Mimeo comprises three tools for parsing repeats from whole-genome alignments:

mimeo-self

Internal repeat finder. Mimeo-self aligns a genome to itself and extracts high-identity segments above a coverage threshold. This method is less sensitive to disruption by indels and repeat-directed point mutations than kmer-based methods such as RepeatScout. Reported annotations indicate overlapping segments above the coverage threshold, mimeo-self does not attempt to separate nested repeats. Use this tool to identify candidate repeat regions for curated annotation.

mimeo-x

Cross-species repeat finder. A newly acquired or low-copy transposon may slip past copy-number based annotation tools. Mimeo-x searches for features which are abundant in an external reference genome, allowing for annotation of complete elements as they occur in a horizontal-transfer donor species, or of conserved coding segments of related transposon families.

mimeo-map

Find all high-identity segments shared between genomes. Mimeo-map identifies candidate horizontally transferred segments between sufficiently diverged species. When comparing isolates of a single species, aligned segments correspond to directly homologous sequences and internally repetitive features.

Intra/Inter-genomic alignments from Mimeo-self or Mimeo-x can be reprocessed with Mimeo-map to generate annotations of unfiltered/uncollapsed alignments.

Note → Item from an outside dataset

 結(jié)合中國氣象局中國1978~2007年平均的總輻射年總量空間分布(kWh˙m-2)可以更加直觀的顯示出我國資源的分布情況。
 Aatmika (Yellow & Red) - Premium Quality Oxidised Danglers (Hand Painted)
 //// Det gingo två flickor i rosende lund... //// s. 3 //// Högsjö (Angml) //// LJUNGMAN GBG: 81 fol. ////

These raw alignment annotations can be used to interrogate repetitive-segments for coverage breakpoints corresponding to nested transposons with differing abundances across the genome.

mimeo-filter

An additional tool mimeo-filter is now included to allow post-filtering of SSR-rich sequences from FASTA formatted candidate-repeat libraries.

Installing Mimeo

Requirements:

Install from Bioconda:

conda install mimeo

Install from PyPi:

pip install mimeo

Clone and install from this repository:

git clone https://github.com/Adamtaranto/mimeo.git && cd mimeo && pip install -e .

Example usage

mimeo-self

Annotate features in genome A which are > 100bp and occur with >= 80% identity at least 3 times on other scaffolds OR at least 4 times on the same scaffold.

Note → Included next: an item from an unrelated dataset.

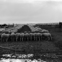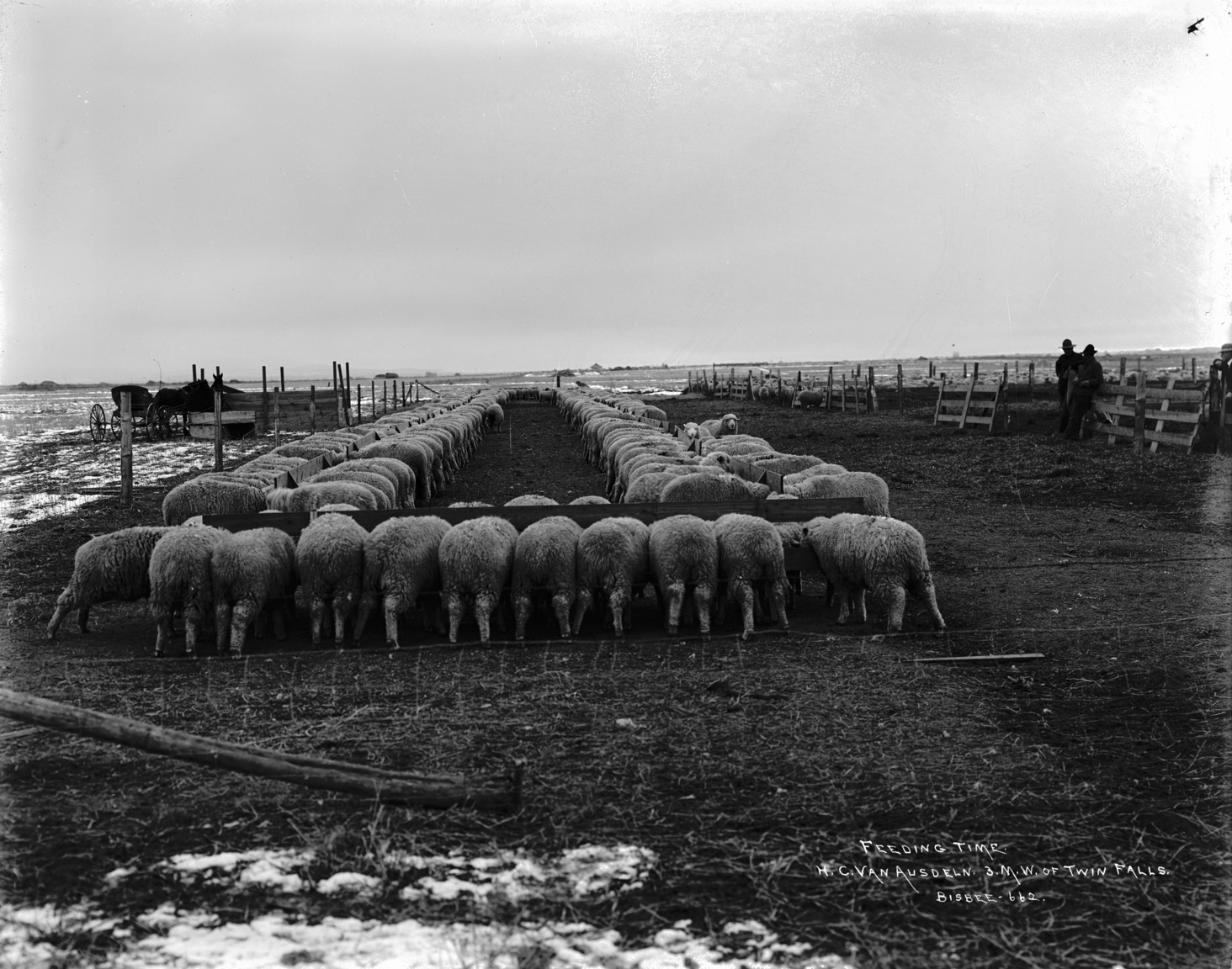 - "Feeding Time. H.C. Van Ausdeln. 3 Miles West of Twin Falls;" men watching sheep as they feed from large troughs. Buggy and horses on right.

mimeo-self --adir data/A_genome_Split --afasta data/A_genome.fasta \
-d MS_outdir --gffout A_genome_Inter3_Intra4_id80_len_100.gff3 \
--outfile A_genome_Self_Align.tab --label A_Rep3 --prefix A_Self --minIdt 80 \
--minLen 100 --minCov 3 --intraCov 4 --strictSelf

Output:

  • MS_outdir/A_genome_Inter3_Intra4_id80_len_100.gff3
  • MS_outdir/A_genome_Self_Align.tab
  • data/A_genome_Split/*.fa

mimeo-x

Annotate features in genome A which are > 100bp and occur with >= 80% identity at least 5 times in genome B.

mimeo-x --afasta data/A_genome.fasta --bfasta data/B_genome.fasta \
-d MX_outdir --gffout B_Rep5_in_A.gff3 --outfile B_Reps_in_A_id80_len100.tab \
--label B_Rep5 --prefix B_Rep5 --minIdt 80 --minLen 100 --minCov 5

Output:

  • MX_outdir/B_Rep5_in_A.gff3
  • MX_outdir/B_Reps_in_A_id80_len100.tab

mimeo-map

Annotate features in genome A which are > 100bp and occur with >= 90% identity in genome B. No coverage filter, all alignments are reported.

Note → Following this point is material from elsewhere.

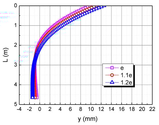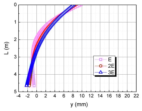 The elastic modulus of the pile body is taken as E, 2E, and 3E, respectively, to understand the effect of the pile elastic modulus on the horizontal deformation in the calcareous sand area, as shown in Figure 8. As the elastic modulus of the pile body increases, the horizontal displacement of the pile top decreases. When the elastic modulus of the pile body is 2E and 3E, the horizontal displacement curve of the pile body tends to be a straight line. This is because the bending stiffness of the pile body increases with the increase of the elastic modulus of the pile body, and the pile body rotates rigidly due to the action of the horizontal load and the bending moment.

mimeo-map --afasta data/A_genome.fasta --bfasta data/B_genome.fasta \
-d MM_outdir --gffout B_in_A_id90.gff3 --outfile B_in_A_id90.tab \
--label B_90 --prefix B_90 --minIdt 90 --minLen 100 

Output:

  • MM_outdir/B_in_A_id90.gff3
  • MM_outdir/B_in_A_id90.tab

mimeo-map + SSR filter

Annotate features in genome A which are > 100bp and occur with >= 98% identity in genome B. Reuse B to A-genome alignment from the previous run.

Filter out hits which are >= 40% tandem repeats. Write filtered hits as tab file and GFF3 annotation.

mimeo-map --afasta data/A_genome.fasta --bfasta data/B_genome.fasta \
-d MM_outdir --gffout B_in_A_id98_maxSSR40.gff3 --outfile B_in_A_id98.tab \
--label B_98 --prefix B_98 --minIdt 98 --minLen 100 \
--recycle --maxtandem 40 --writeTRF

Output:

  • MM_outdir/B_in_A_id98_maxSSR40.gff3
  • MM_outdir/B_in_A_id98.tab.trf

mimeo-filter

Filter sequences comprised of >= 40% short tandem repeats from a multifasta library of candidate transposons.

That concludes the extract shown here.